Exercise
Please, from the entries below, transcribe exactly the lines that begin at the line with "The classic home-made" and end at the line with "5. 무 위에 다짐육을", without the pictures.

Recorded information
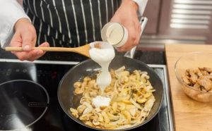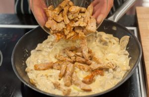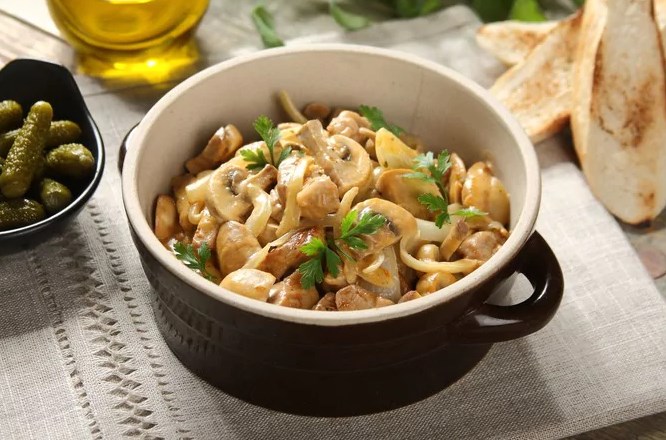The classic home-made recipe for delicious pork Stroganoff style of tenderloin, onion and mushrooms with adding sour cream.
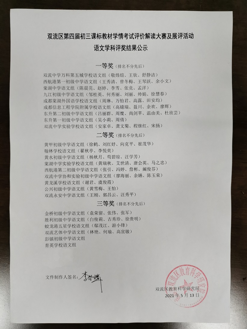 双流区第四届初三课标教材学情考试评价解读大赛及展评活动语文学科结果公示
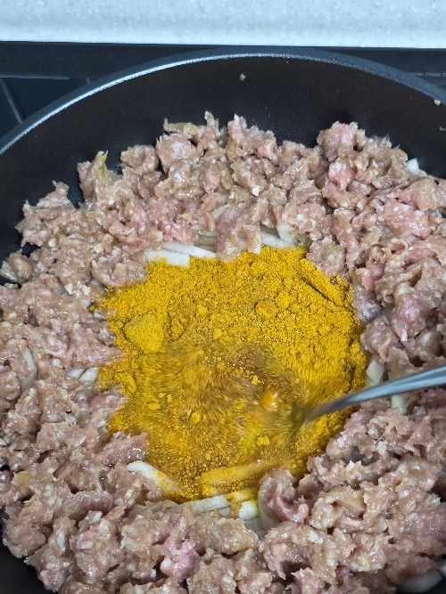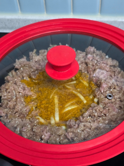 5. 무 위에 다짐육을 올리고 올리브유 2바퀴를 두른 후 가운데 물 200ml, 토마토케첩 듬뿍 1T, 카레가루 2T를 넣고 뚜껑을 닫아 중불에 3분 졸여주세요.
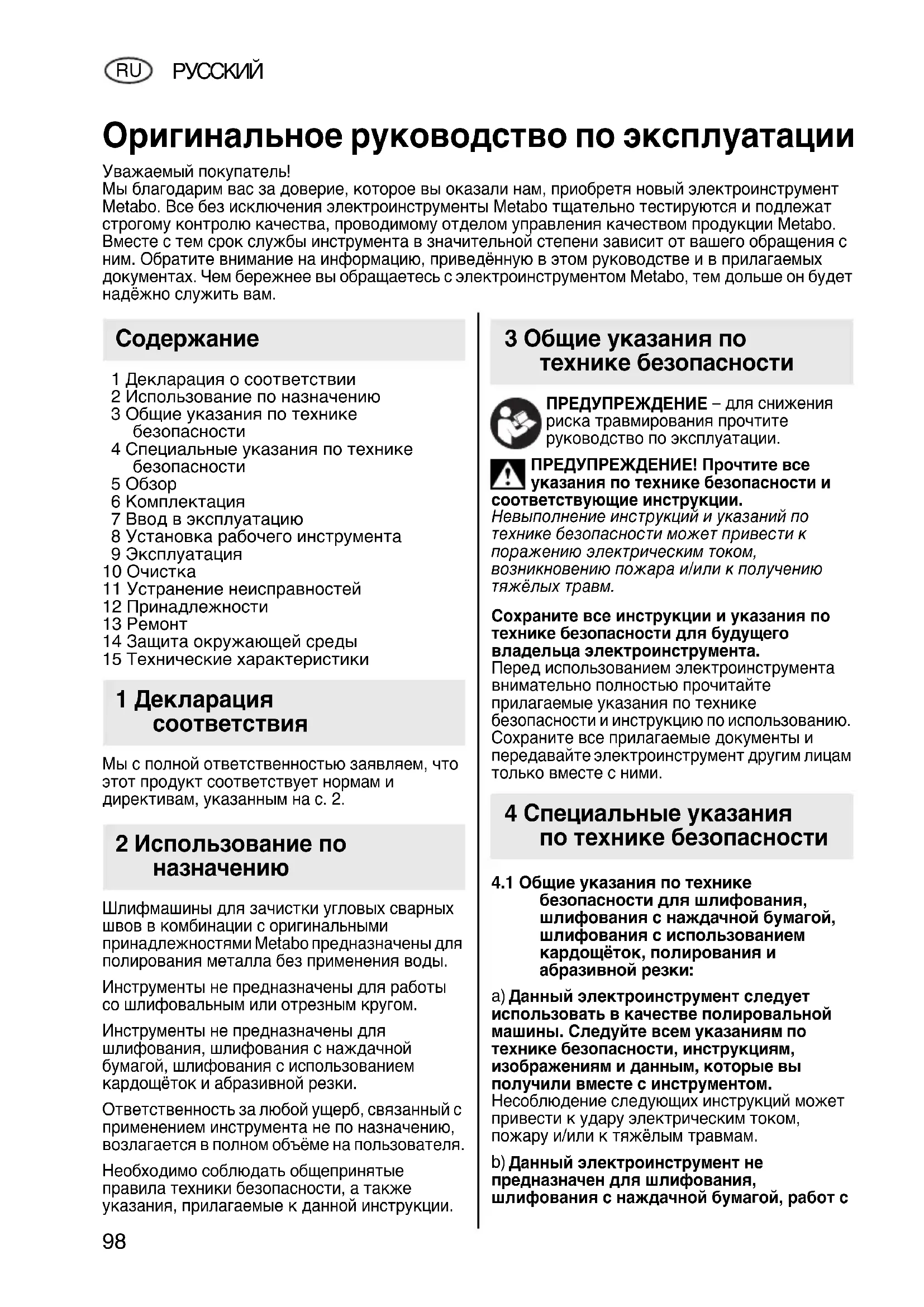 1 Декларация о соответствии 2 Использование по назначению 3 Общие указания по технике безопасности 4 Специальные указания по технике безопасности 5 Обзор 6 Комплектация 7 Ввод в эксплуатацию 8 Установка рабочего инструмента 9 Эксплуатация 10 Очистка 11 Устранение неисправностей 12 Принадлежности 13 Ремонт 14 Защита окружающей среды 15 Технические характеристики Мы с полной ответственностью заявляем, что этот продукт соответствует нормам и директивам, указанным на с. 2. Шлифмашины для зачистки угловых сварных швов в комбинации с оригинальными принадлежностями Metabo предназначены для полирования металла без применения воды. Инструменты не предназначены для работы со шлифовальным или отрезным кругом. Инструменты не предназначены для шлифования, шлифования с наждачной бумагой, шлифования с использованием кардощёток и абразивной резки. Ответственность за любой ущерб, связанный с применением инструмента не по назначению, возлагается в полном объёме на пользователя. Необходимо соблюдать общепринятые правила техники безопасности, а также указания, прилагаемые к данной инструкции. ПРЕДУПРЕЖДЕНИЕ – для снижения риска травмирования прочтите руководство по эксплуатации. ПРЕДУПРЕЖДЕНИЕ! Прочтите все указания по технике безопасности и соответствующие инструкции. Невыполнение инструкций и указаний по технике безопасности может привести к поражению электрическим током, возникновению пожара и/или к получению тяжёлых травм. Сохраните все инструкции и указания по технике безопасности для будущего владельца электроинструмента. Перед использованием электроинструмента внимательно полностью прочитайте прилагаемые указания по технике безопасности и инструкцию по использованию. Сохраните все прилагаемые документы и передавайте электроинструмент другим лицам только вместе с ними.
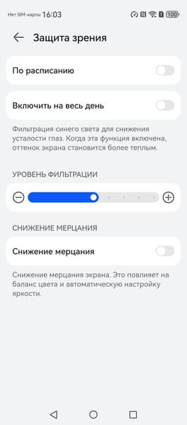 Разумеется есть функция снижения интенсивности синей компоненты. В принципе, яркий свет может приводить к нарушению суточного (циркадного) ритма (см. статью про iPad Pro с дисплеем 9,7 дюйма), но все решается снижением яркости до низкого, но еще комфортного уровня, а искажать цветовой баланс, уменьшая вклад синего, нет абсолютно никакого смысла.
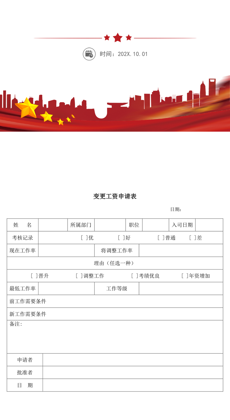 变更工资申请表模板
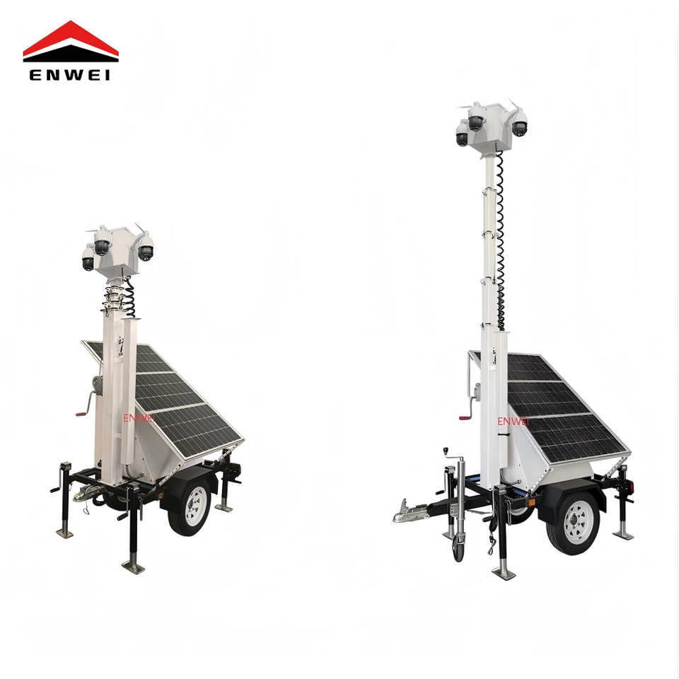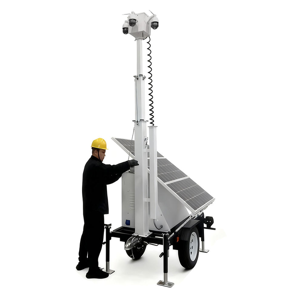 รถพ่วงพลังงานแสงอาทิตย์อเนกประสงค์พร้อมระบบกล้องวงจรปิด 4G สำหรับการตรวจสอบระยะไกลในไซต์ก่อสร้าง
==
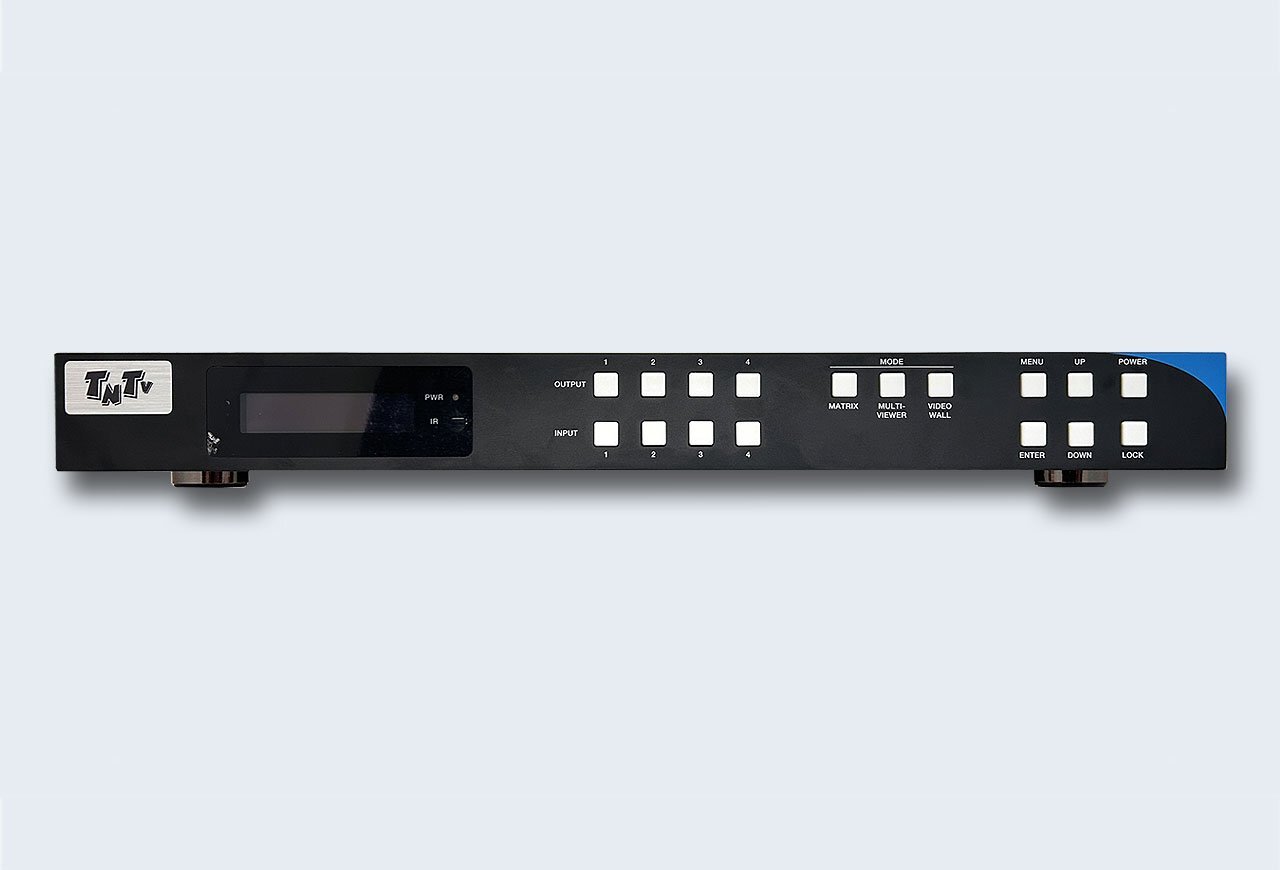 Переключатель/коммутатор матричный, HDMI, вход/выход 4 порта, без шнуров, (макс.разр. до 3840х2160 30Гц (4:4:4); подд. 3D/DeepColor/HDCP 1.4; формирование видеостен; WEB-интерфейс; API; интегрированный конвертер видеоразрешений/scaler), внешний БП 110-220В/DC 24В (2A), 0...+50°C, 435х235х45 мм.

Expected answer
The classic home-made recipe for delicious pork Stroganoff style of tenderloin, onion and mushrooms with adding sour cream.
 双流区第四届初三课标教材学情考试评价解读大赛及展评活动语文学科结果公示
 5. 무 위에 다짐육을 올리고 올리브유 2바퀴를 두른 후 가운데 물 200ml, 토마토케첩 듬뿍 1T, 카레가루 2T를 넣고 뚜껑을 닫아 중불에 3분 졸여주세요.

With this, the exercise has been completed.